In winter, the skin itches more frequently

We have often heard it said: The heating air is to blame. Low humidity, as is the case in overheated or air-conditioned rooms or in cold winter weather, dries out the skin. So now it’s time for more intensive care and to incorporate more fat than moisture into the skin care routine. Evening primrose, almond and macadamia oil can be integrated drop by drop into your favorite skin care routine. Special products such as winter creams help the skin to balance cold and dry air. Particularly rough areas should be creamed several times a day (make sure that the care product does not contain mineral oil – this has a counterproductive effect, as it forms a film on the skin that prevents the exchange of moisture and thus dries out the skin surface even more).

Does the psyche also play a role?

As always, the answer is yes. People with stressful life events suffer from itching more frequently (12.2 percent) than people with many friends. A study shows that the psyche plays a role in pruritus: around 70 percent of patients also suffer from psychosomatic or psychiatric illnesses.

Just no stress

Meditation, yoga, breathing techniques that calm us down – and the power of positive thoughts: this also helps with skin diseases.

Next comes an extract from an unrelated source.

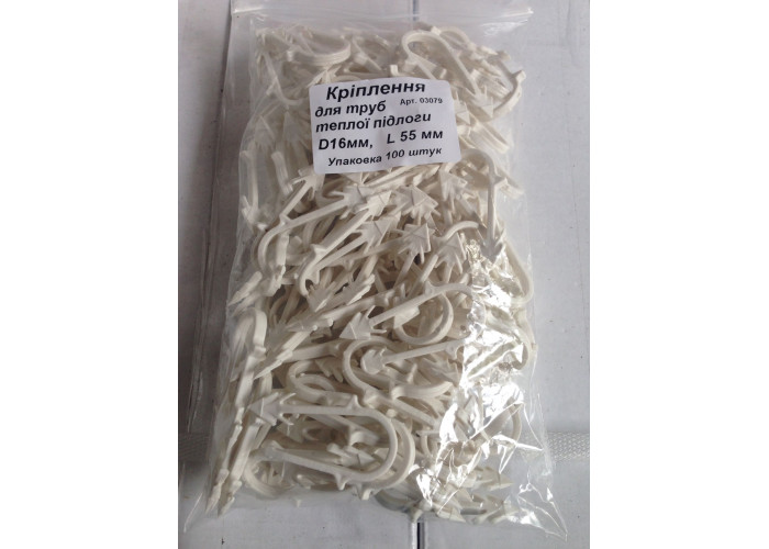 Гарпун-скоба для кріплення труби теплої підлоги Ø16, довжина 55мм, біла (упаковка 100шт)
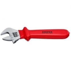 Regulowany klucz nastawny niemieckiego producenta KNIPEX. Dzięki izolowanym rękojeściom, zaprojektowanym specjalnie z myślą o pracy pod napięciem 1000 V, narzędzie jest niezbędnym elementem wyposażenia każdego elektryka.

Our dermis in particular interacts strongly with our psyche (the skin is known to be the mirror of the soul …). Music can also help us to find some relaxation. According to studies, this anti-stress song has been proven to help us find peace. If you can’t resist the itching, you can grab a scratch pad (a car sponge covered with chamois leather will do). This can also help children who suffer from neurodermatitis. It’s also good to do some relaxation exercises in the evening so that the itching doesn’t rob us of our sleep.